These SSAs are widely used for simulating biochemical systems. However, you might think: “Sounds good, but SSAs tend to be very slow, so I will use ordinary differential equations (ODEs) to simulate a biochemical system”. It’s true that stochastic simulations are typically very slow compared to simulating the ODEs, but results obtained by simulating a set of ODEs are not always valid! The classical ODE approach has a deterministic nature, i.e. a given set of ODEs yields always the same results. These results describe the macroscopic behavior of the biochemical system, while cell populations have regularly a heterogeneous nature. Importantly, the change of species amounts is a discrete process, but in deterministic models this is modeled as a continuous process. In contrast, SSAs describe the time evolution of a reacting system such that it takes into account discreteness and stochasticity. Both discreteness and stochasticity play often important roles in biochemical systems. For this reason, SSAs are widely used to simulate biochemical systems. Especially for biochemical systems that contain low copy numbers. For such systems, deterministic models fail to capture the stochasticity of the system, while SSAs are capable of capturing this stochastic behavior.

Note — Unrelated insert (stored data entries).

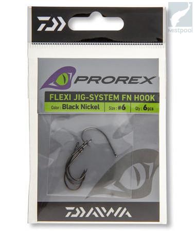 Daiwa Prorex Flexi Jig-System FN Hook – These fine high-quality hooks with chemically sharpened hook tip are the fitting hooks for the Prorex Flexi Jig-System TG tungsten heads.
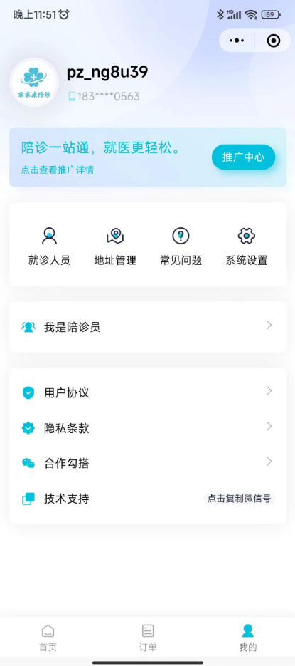 陪护师可在小程序端申请,平台审核通过后,可接收系统派单,支持陪护师自主接单、处理订单及提现等,提供更加及时和便捷的服务。
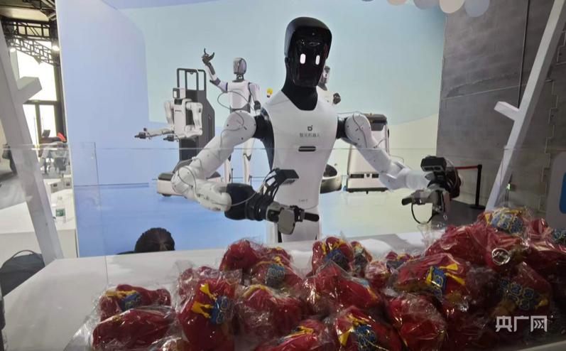 机器人能干什么?汪凤全指了指正将礼物递给观众的 " 精灵 G2"。" 递送礼物主要实现的是机器人的抓取功能。" 他介绍,这种机器人已开始拓展零售场景,在白玉兰广场等多个上海地标布设。消费者只需通过 pad 点选,机器人就会把饮料或商品递送过来。

Because of its flexibility StochPy can be easily extended or used as a plug-in into other software. For instance, StochPy can be linked to PySCeS, the Python Simulator for Cellular Systems. PySCeS is an extensible tool kit for the analysis and investigation of cellular systems. StochPy operates completely independent from PySCeS, but it exploits several components of the PySCeS package, such as the text based Model Description Language of PySCeS. This MDL is further explained in the PySCeS Model Description Language section.
The StochPy Demo module currently provides 11 demo’s which illustrate many features of StochPy. In each demo we show the commands that are necessary to obtain the results shown. Information about the used command is shown after the #. Usage is straightforward:
>>> import stochpy
>>> stochpy.Demo()
Welcome to the demo mode of StochPy,
which currently consists out of 11 examples
press any button to continue
Press any button to continue to the first demo:
>>> smod = stochpy.SSA() # start SSA module
>>> smod.DoStochSim(IsTrackPropensities=True)
Info: 1 trajectory is generated
Number of time steps 1000 End time 54.3894531635
Simulation time: 0.0578720569611
>>> smod.data_stochsim.simulation_endtime
>>> smod.data_stochsim.simulation_timesteps
>>> smod.PrintWaitingtimesMeans()
Reaction Mean Waiting times
R1 0.109
R2 0.108
>>> smod.PlotSpeciesTimeSeries()
>>> smod.PlotPropensitiesTimeSeries()
>>> smod.PlotWaitingtimesDistributions()
>>> smod.Export2File(analysis='timeseries',datatype='species')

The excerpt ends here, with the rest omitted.